Гоша оскалил зубы и с такой силой ударил меня по лицу, что я скатилась со стула. Но Гоша тут же схватил меня за плечи и усадил обратно. Следующие удары я переносила, сжав зубы, но стон непослушно вырывался из груди. Не удержавшись, я вновь упала, подняться сил не было. Наверное, Гоше было не привыкать, но поднимать он меня не стал, он стал меня пинать сапогами. И делал он это с каким-то злорадством, улыбаясь. Так поступают садисты, которым доставляет удовольствие причинять
Видимо, я потеряла сознание, тела своего я не ощущала, всё было словно в тумане, удар сапога пришёлся и по лицу, глаз закрылся, да и вторым глазом я почти ничего не видела, только смутные очертания. Когда пришла в себя, почувствовала холод от бетонного пола. Попыталась встать, не получилось, тело меня просто не слушалось. Не знаю, сколько я так пролежала, день, два.. а может больше. Раз в день приносили заплесневелый кусочек хлеба и воду. Есть не могла, раны и кровь на губах, засохли, причиняя страшную боль. Тело было в синяках и ссадинах, платье было разорвано основательно.
– Хоть бы я умерла, отмучилась бы, – подумала я, когда железная дверь с шумом открылась.
– Рахматова? На допрос, – услышала я.
– Значит, слышу, – подумала я, пытаясь подняться.
Солдат, что стоял надо мной, видя моё состояние, нагнулся и помог мне встать.
– Спасибо, – пробормотала я с трудом, пытаясь взглянуть на парня.
– Да расскажи ты им, что они просят, убьют ведь, – с сожалением сказал солдат, с винтовкой за спиной.
– Умоляю! Застрели меня! Я не выдержу больше. Я ни в чём не виновата, поверь мне, – хриплым голосом, сказала я, пытаясь схватить его за руку.
– Да ты что? С ума сошла? Меня самого потом расстреляют. Иди за мной, – ответил он, отдёргивая руку и снимая с плеча ружьё.
Я, прихрамывая на одну ногу и волоча за собой другую, пошла за ним, с ужасом думая, что со мной всё опять повторится, насилие и побои. Но меня не допрашивали. Савелий Иванович был сердит и малословен. Меня сковал страх от мысли, что они вместе с Гошей опять будут измываться надо мной. Но он брезгливо оглядел меня и протянул два листа бумаги, исписанные от руки.
– Подписывай и ты свободна. Ошибка произошла, директор завода приходил, ходатайствовал за тебя, характеристику принёс, за подписью рабочих. Вот здесь и здесь, – корявым пальцем он указал мне, где я должна подписать.
Услышав, что меня отпускают, я быстро поставила четыре подписи на двух бумагах, не читая их. Да и не смогла бы я прочесть, глаза так заплыли от побоев и ударов сапогами Гоши, что я почти ничего и не видела. Посмотрев на бумаги, Савелий Иванович убрал их в папку.
– Дежурный! – крикнул он и тут же дверь открылась и зашёл тот же солдат, что привёл меня.

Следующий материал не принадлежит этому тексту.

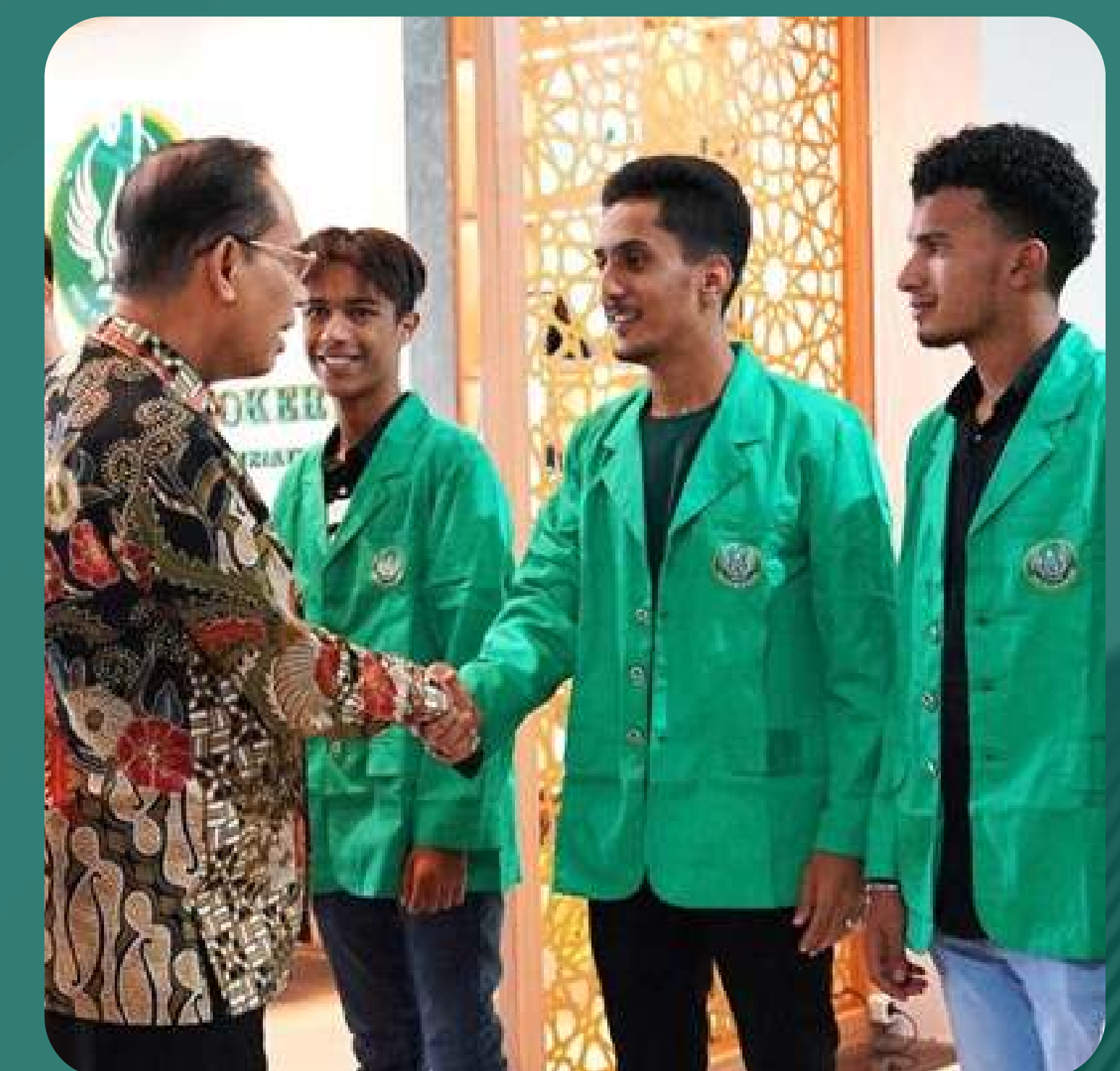
Orientation Program and Academic Advising
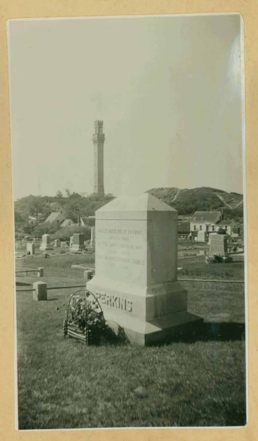
Under the Watchful Eye - May 1947 -
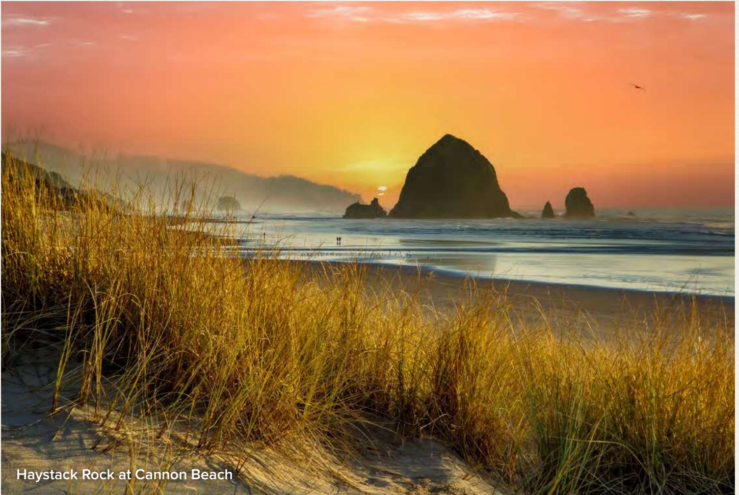
Haystack Rock at Cannon Beach

Once in Portland, we'll make an airport drop-off for those of you heading directly home. For anyone staying in Portland to extend their personal travels, we will offer a drop-off downtown. It's time for farewells as our wonderful trip comes to a close.

– Уводи, – коротко сказал Савелий Иванович.
– Меня отпускают? – с надеждой спросила я.
– Размечталась. Ты только что подписала себе срок. Пошла отсюда, – сказал Савелий Иванович.
Я медленно побрела к выходу, волоча ногу. Несколько дней меня не трогали, я смогла понемногу есть и пить, глаза стали видеть. Наверное, я оказалась живучей, но синяки и ссадины проходили, я потеряла счёт времени, окон в камере не
было, откуда-то сверху просачивался свет, но не надолго. Потом опять всё погружалось во тьму. В углу стоял наземный унитаз, откуда шел тухлый запах, к которому я никак не могла привыкнуть.Через несколько дней, за мной пришли двое солдат и вывели во двор, где стояла крытая машина. Мне приказали лезть в неё, через пару часов езды, меня вывели и я увидела, что нахожусь на вокзале. Там же, на платформе, под усиленной охраной солдат, стояли заключённые, моё рваное платье прикрывала ватная, из чёрного бархата нимча, защищая от холодного ветра.
Меня подтолкнули к заключённым, стояли мы примерно час, потом нас погрузили в душный вагон, без сидений и полок. Хорошо, народу было столько, что можно было сесть на пол. Ехали семь суток, кормили, словно скот, мучила жажда и усталость от происходящего. В разговор между заключенными, я не вмешивалась, сна почти не было, да и ложились по очереди, иначе никак, места не хватало.
В общем, доехали мы, не ведая куда, а когда вышли из вагона, увидели вокруг снег и почувствовали жуткий мороз. Нас провели за огороженное высоким забором пространство с вышками с четырёх сторон забора и без конца лающими собаками, готовыми сорваться и кинуться на нас, которых крепко держали на цепях. Там же, стояло несколько человек. Через строй солдат, нас провели к баракам, куда зашли две женщины в форме. Несколько женщин устало сели, но окрик одной из женщин, заставил их подняться.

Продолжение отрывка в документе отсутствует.